Oil Majors Compete In Domestic Market




Troubled by low oil export revenue in a market of weak world prices, Russian oil majors are flooding the domestic market with refined oil products in an attempt to build sales at home.


The search for new sources of revenue has caused a price war among Russian companies as they jockey to attract the only Russian customers certain to pay cash for fuel -- car owners and buyers in the transport sector, such as railrroads and airlines.


Giant LUKoil threw down the gauntlet a month ago when it cut wholesale prices on gasoline and diesel fuel between 10 and 30 percent nationwide. Since then, Yukos and Tyumen Oil Co. have cut fuel prices by 5 percent to 20 percent in Central Russia, Slavneft has cut wholesale prices by 70 percent, and Moscow's Central Fuel Co. has dropped wholesale prices in the Moscow region.


"Such companies as LUKoil, Yukos and Tyumen want to fight for solvent customers inside Russia just to soften the financial losses they suffer outside Russia," said Gennady Krasovsky, an oil and gas analyst with Rye Man & Gor Securities.


Russian companies export about one-third of total production and have traditionally relied on exports for cash and profits. But profits from exports have diminished with current world oil prices at about $14.50 per barrel, forcing local producers to look homeward for new sources of revenue.


That isn't so easy in Russia, where cash-poor buyers often pay for fuel in kind. The only sure way to raise cash is to sell to car owners and other buyers in the transportation sector.


"Depending on the area, we have cut wholesale prices from 10 to 30 percent," said LUKoil spokesman Dmitry Dolgov. "It's connected with the situation on the market, with the fall in world oil prices. Other companies have looked at the market and have done the same."

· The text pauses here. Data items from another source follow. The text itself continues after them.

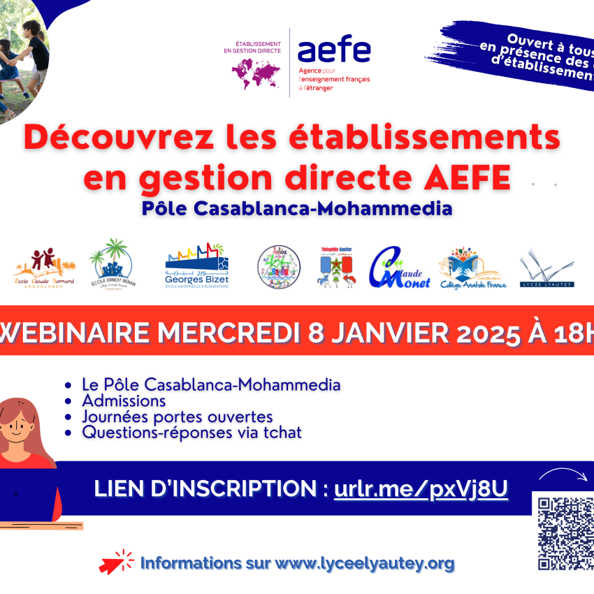 Dès aujourd’hui, nous vous invitons à rejoindre le réseau de l’enseignement français au Maroc , fort de plus de 100 ans d’expérience et
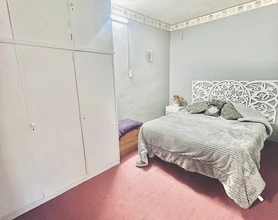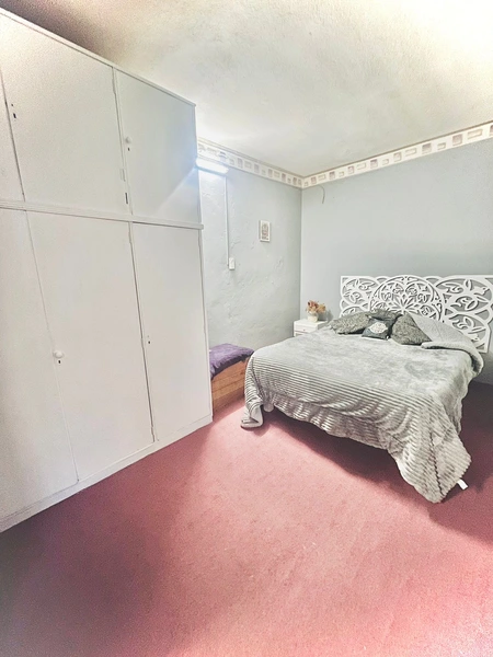 Habitación con cama matrimonial alfombrada con placard y escritorio.
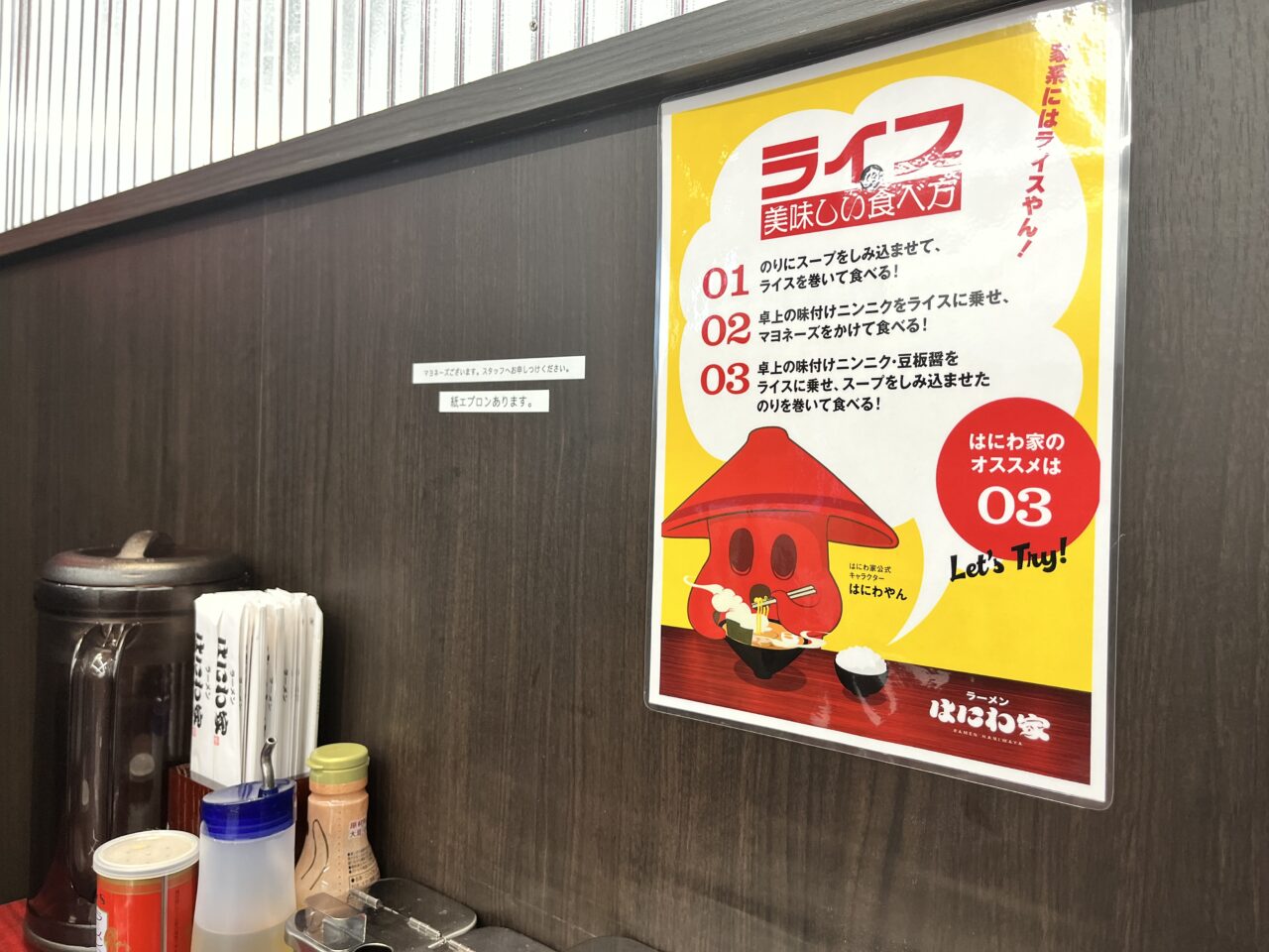 おすすめのご飯の食べ方も紹介されていましたよ。ちなみに、はにわ家おすすめの食べ方は3だそうで、卓上の味付けニンニク・豆板醤をライスに乗せ、スープをしみ込ませた海苔を巻いて食べる! だそうですよ。
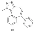 Alprazolam Xanax, Helex, Xanor, Trankimazin, Onax, Alprox, Misar, Restyl, Solanax, Tafil, Neurol, Frontin, Kalma, Ksalol, Farmapram1981 0.25, 0.5, 1, 2 0.5-11–3[16]11-13 [10–20][16]anxiolytic, antidepressant[17]
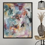 3 schilderijen acryl op papier met pass-partout en zwarte lijsten.

Dolgov could not say whether LUKoil has lowered its retail gasoline prices.


Simon Kukes, newly appointed president of Tyumen Oil, said the company is all but eliminating domestic crude oil sales. Since Kukes took over in February the company has raised its refining activity from 2 million tons per year to 8 million tons. By August the company will be refining 12 million tons, or 85 percent of its nonexport crude oil.


Tyumen hopes to win new market share by improving the quality of its gasoline, cutting prices at the pump, and opening another 200 gas stations under franchise agreements in the coming year, Kukes said. The company today owns 200 stations in Central Russia.


"We will be processing most of our crude -- the margins are higher and we want to be an integrated company," Kukes said. Since Tyumen cut retail gas prices from 5 percent to 12 percent last month it has "already seen sales increasing," Kukes added.


Oil majors' desire to increase refining and build local market share in fuel sales is a wise move considering the coming automobile boom, said Stephen O'Sullivan, co-head of research at United Financial Group.


"It's a quest for market share. They want to build strong, sustainable retailing businesses," O'Sullivan said. But cash-hungry oil majors will be careful not to cut prices too severely, he added.


The biggest pricing competition is being waged in Central Russia, home to 42 percent of Russia's total refining capacity. Yukos, which competes with Tyumen in the Central Russian fuel market, began late last month offering 5 percent to 20 percent discounts to wholesale buyers, giving better deals to buyers paying in cash. The agriculture sector is the company's biggest customer on the wholesale market.


In addition, Yukos has given its regional offices greater power to reduce retail prices in Yukos' 800 gas stations, the company said in a statement.


"Because oil companies have found it necessary to increase the size of their oil product sales, the price for oil products across the country has decreased by an average of 10 percent," the Yukos statement read.


With Tyumen, Yukos and Slavneft cutting prices in regions bordering Moscow, the dominant Moscow fuel supplier has been forced to lower its wholesale prices. According to Tyumen's Kukes, the Central Fuel Co., owned outright by the city of Moscow, has begun to lower its wholesale gasoline prices to buyers in the city and region.


A Central Fuel Co. spokesman would not comment on pricing.